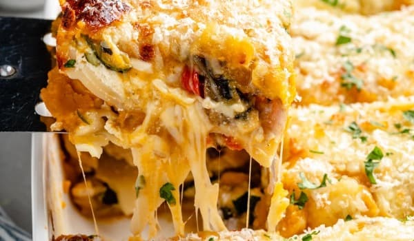 Classic pasta with layers of seasonal vegetable ragu and creamy spinach bechamel - ready for you to pop in the oven and bake!
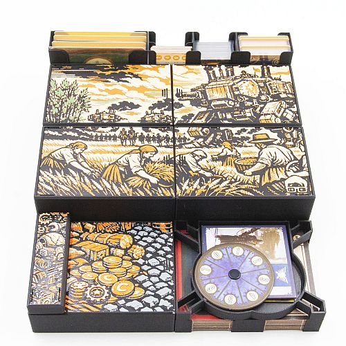 3D printed insert by Italian designer Andrea for the board game Scythe (2015) and its expansions Invaders from Afar (2016), The Wind Gambit (2017), Encounters (2018) and all PROMO cards.
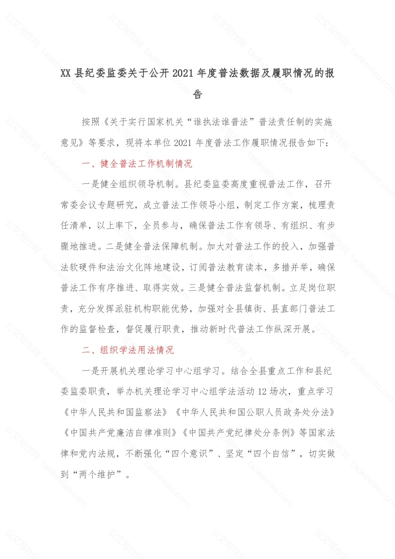 XX县纪委监委关于公开2021年度普法数据及履职情况的报告
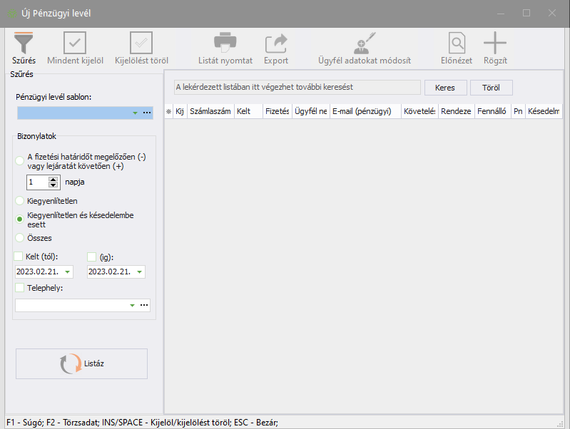 - Típus: nyomtatási formátum, két választható opciója a levél és a késedelmi kamatközlő. Utóbbi választása esetén a késedelmi kamatszámításnál a "nincs kamatszámítás, megjelenítés" opció nem választható
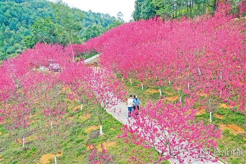 目前,麓湖山景区种植了上万株观赏性的杏花,杏花林经过改造提升后,变得更为壮观。“今年的杏花开得比较早,花期将持续至二月底。”麓湖山景区相关负责人温玉婷介绍道,景区还在时花广场和九曲花街种植了石竹等时花,现在也进入了盛花期,前来赏花的游客络绎不绝。
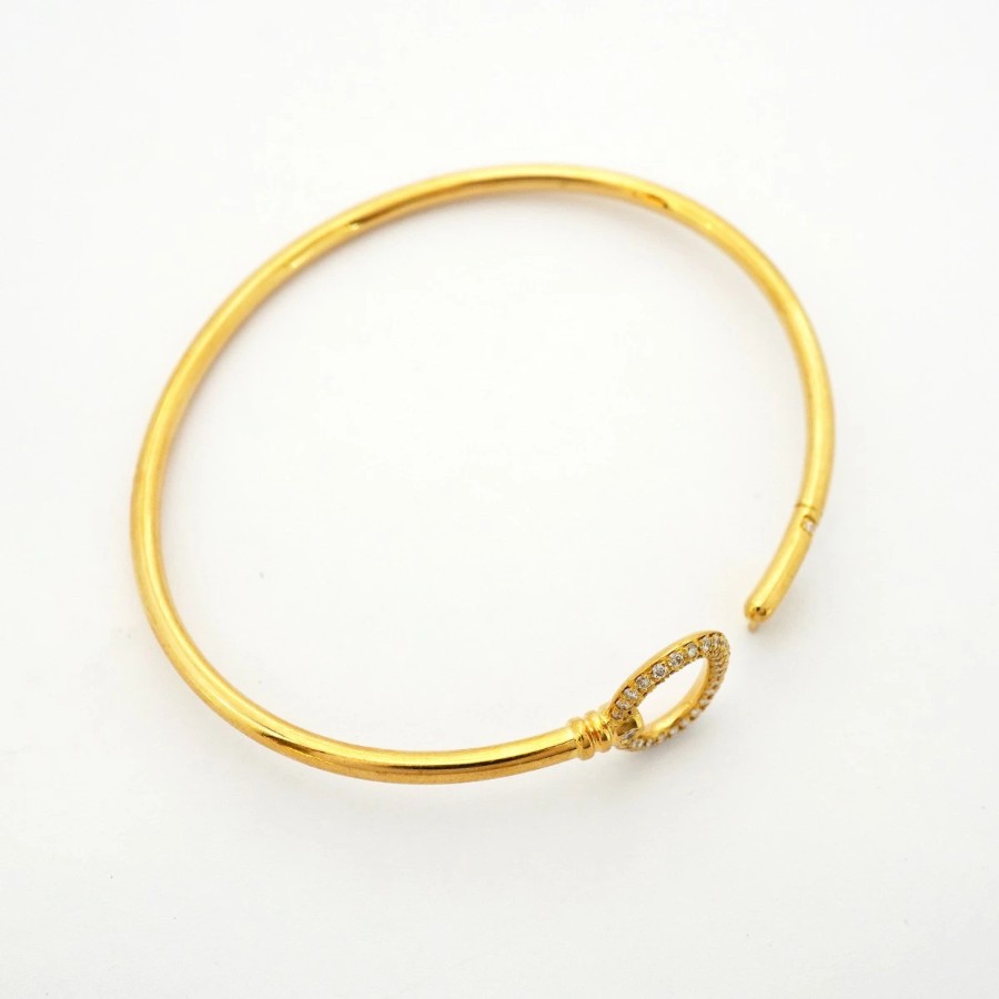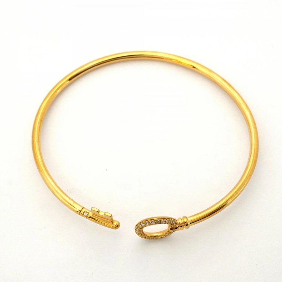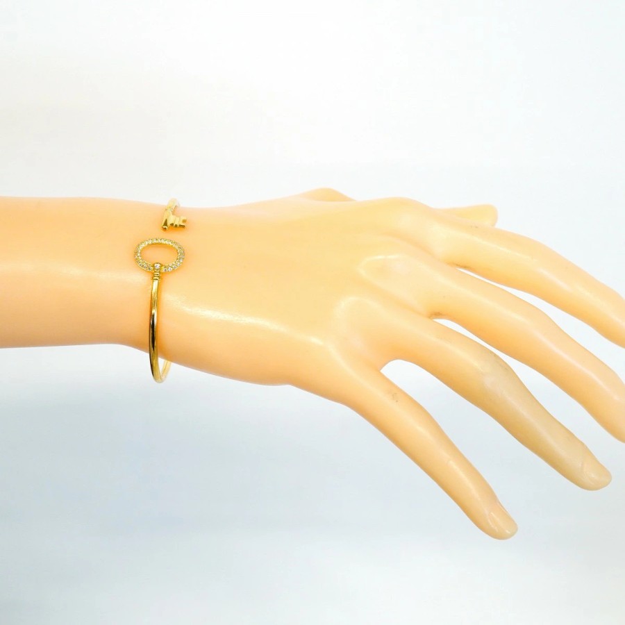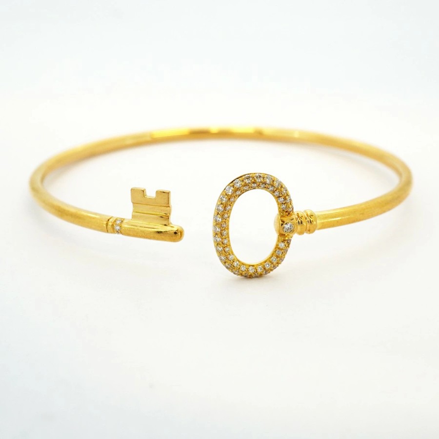 【6jdb0427-29】ティファニー バングル オーバルキー/ワイヤー K18YG イエローゴールド ダイヤモンド【中古】レディース
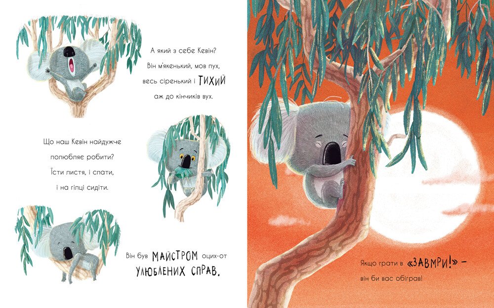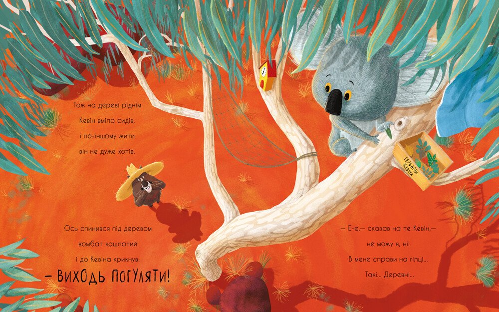 Знайомтеся, це Кевін — маленький коала, який любить, щоб усе було так, як він звик. Але коли його життя несподівано змінюється, Кевін виявляє, що це — на краще! Весела віршована історія для тих, кого будь-які зміни в житті дещо насторожують. Книжка — переможець книжкової премії Sainsbury’s Book Award і премії Evening Standard Oscar’s Book Prize.
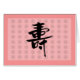 Langlebigkeit (Shou). In der chinesischen Gewohnheit sollte solche Karte vorwärts gegeben werden den älteren Personen auf ihrem 60. Geburtstag. Selbstverständlich kann man beschließen, solches gute auch grüßen zu schicken ihren Eltern, selbst wenn sie unterhalb 60 Lebensjahre sind.
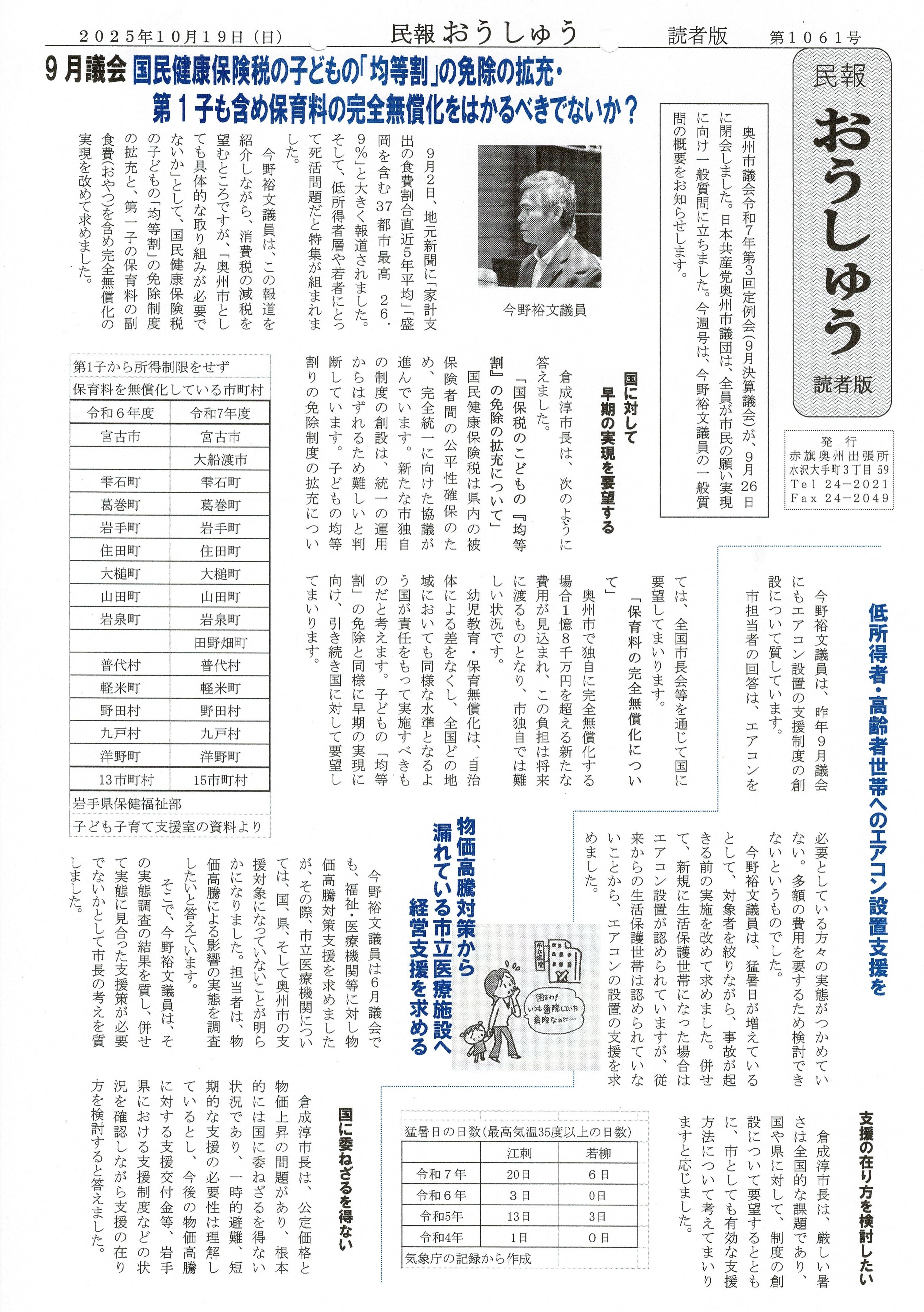 「民報おうしゅう第1061号」はこちら

YOUR ASSIGNMENT — Return the material from above in full, exactly as written, with the pictures omitted.

FINISHED EXERCISE —
 Classic pasta with layers of seasonal vegetable ragu and creamy spinach bechamel - ready for you to pop in the oven and bake!
 3D printed insert by Italian designer Andrea for the board game Scythe (2015) and its expansions Invaders from Afar (2016), The Wind Gambit (2017), Encounters (2018) and all PROMO cards.
 XX县纪委监委关于公开2021年度普法数据及履职情况的报告
 - Típus: nyomtatási formátum, két választható opciója a levél és a késedelmi kamatközlő. Utóbbi választása esetén a késedelmi kamatszámításnál a "nincs kamatszámítás, megjelenítés" opció nem választható
 目前,麓湖山景区种植了上万株观赏性的杏花,杏花林经过改造提升后,变得更为壮观。“今年的杏花开得比较早,花期将持续至二月底。”麓湖山景区相关负责人温玉婷介绍道,景区还在时花广场和九曲花街种植了石竹等时花,现在也进入了盛花期,前来赏花的游客络绎不绝。
 【6jdb0427-29】ティファニー バングル オーバルキー/ワイヤー K18YG イエローゴールド ダイヤモンド【中古】レディース
 Знайомтеся, це Кевін — маленький коала, який любить, щоб усе було так, як він звик. Але коли його життя несподівано змінюється, Кевін виявляє, що це — на краще! Весела віршована історія для тих, кого будь-які зміни в житті дещо насторожують. Книжка — переможець книжкової премії Sainsbury’s Book Award і премії Evening Standard Oscar’s Book Prize.
 Langlebigkeit (Shou). In der chinesischen Gewohnheit sollte solche Karte vorwärts gegeben werden den älteren Personen auf ihrem 60. Geburtstag. Selbstverständlich kann man beschließen, solches gute auch grüßen zu schicken ihren Eltern, selbst wenn sie unterhalb 60 Lebensjahre sind.
 「民報おうしゅう第1061号」はこちら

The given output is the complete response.